> [EXERCISE]
Your output should be the lines below from the one holding "GeoVLA 在仿真和真機實驗中均展現出對傳統 2D" through the one holding "George Long Sleeve", transcribed exactly, with no pictures.

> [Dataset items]
◇ ◇ ◇ ◇

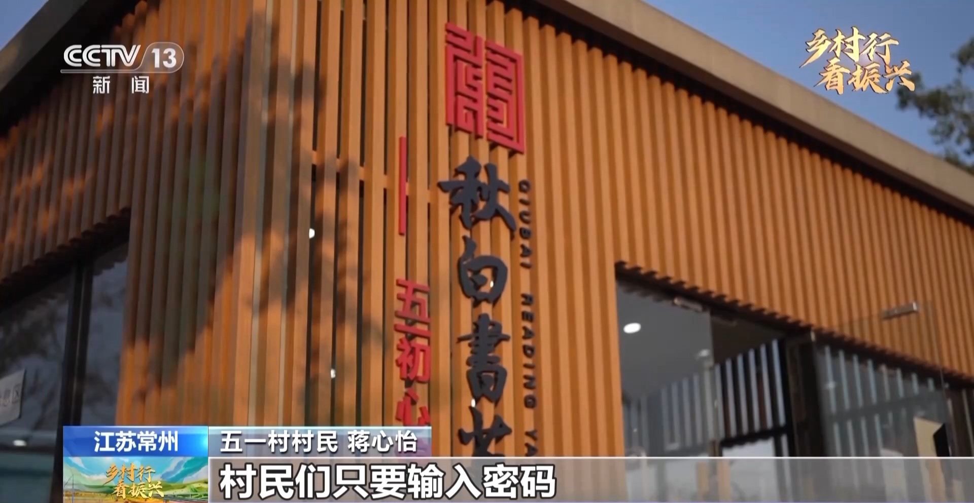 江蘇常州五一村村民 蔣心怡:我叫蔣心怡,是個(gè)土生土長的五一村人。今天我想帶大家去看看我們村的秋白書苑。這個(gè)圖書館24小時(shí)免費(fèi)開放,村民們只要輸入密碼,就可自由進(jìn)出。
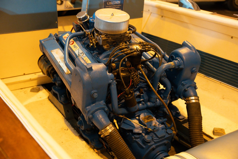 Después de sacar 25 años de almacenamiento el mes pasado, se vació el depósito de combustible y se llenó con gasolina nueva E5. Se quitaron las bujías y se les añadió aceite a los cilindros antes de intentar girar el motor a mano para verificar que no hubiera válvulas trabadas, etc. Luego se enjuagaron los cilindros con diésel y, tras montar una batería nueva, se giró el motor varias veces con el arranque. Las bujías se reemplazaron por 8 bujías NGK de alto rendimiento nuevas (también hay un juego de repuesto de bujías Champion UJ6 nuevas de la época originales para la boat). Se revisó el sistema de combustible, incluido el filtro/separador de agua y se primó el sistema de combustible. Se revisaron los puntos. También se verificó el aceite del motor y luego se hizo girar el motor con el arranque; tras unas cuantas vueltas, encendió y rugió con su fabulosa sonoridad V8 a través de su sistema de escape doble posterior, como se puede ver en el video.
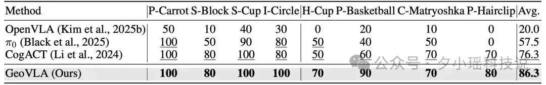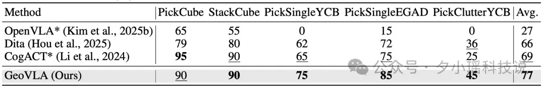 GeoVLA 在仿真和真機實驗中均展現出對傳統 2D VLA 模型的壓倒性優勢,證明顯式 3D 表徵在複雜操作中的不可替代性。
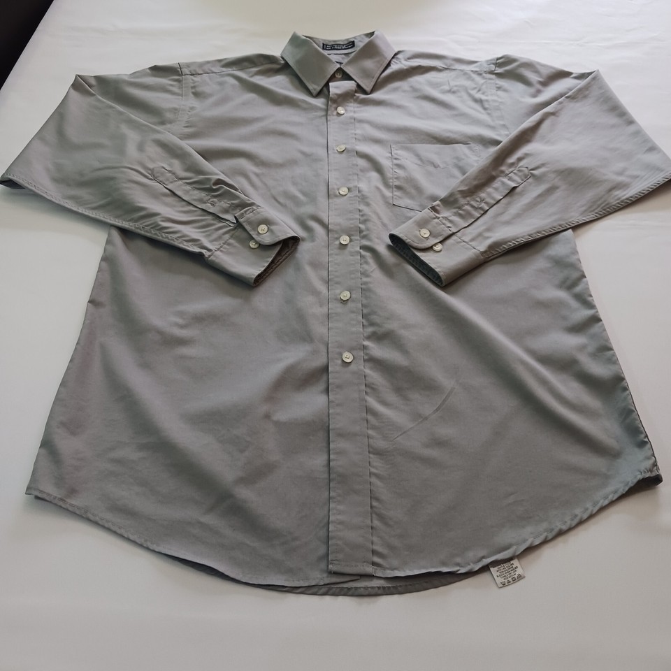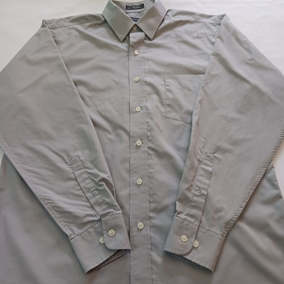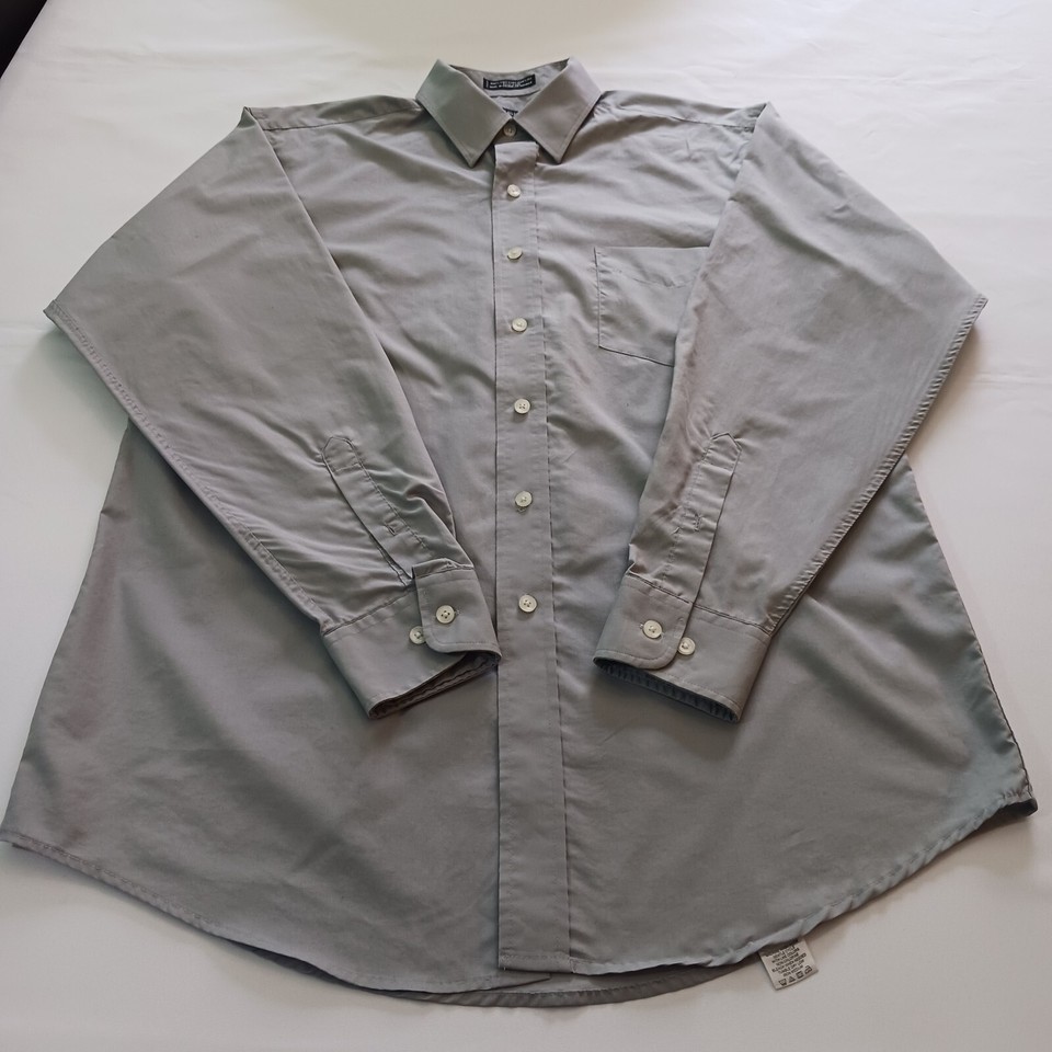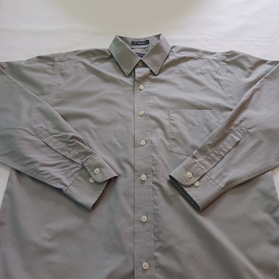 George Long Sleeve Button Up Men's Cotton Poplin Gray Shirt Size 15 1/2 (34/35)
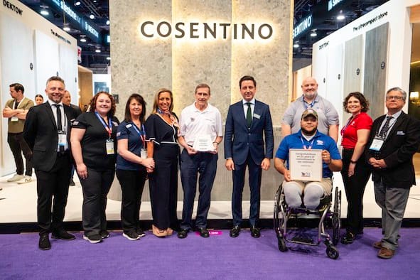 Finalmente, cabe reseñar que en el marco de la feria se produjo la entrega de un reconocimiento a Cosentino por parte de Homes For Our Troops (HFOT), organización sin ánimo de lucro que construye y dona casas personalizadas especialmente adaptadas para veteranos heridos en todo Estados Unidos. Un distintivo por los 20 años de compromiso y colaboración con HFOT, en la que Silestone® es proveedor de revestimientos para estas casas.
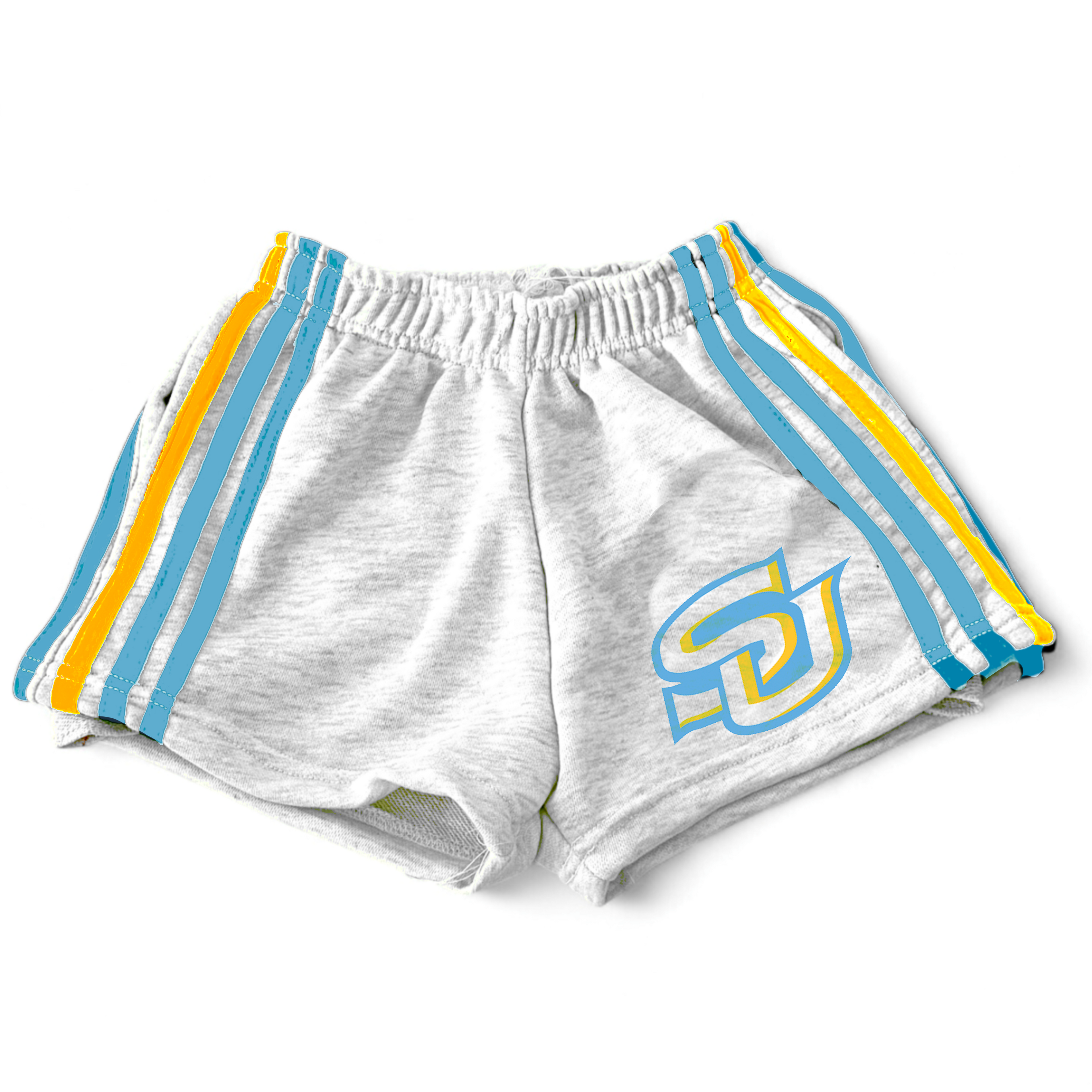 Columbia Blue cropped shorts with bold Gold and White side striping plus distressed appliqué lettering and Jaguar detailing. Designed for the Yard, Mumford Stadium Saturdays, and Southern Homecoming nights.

◇ ◇ ◇ ◇

> [ANSWER FOR THE TASK]
 GeoVLA 在仿真和真機實驗中均展現出對傳統 2D VLA 模型的壓倒性優勢,證明顯式 3D 表徵在複雜操作中的不可替代性。
 George Long Sleeve Button Up Men's Cotton Poplin Gray Shirt Size 15 1/2 (34/35)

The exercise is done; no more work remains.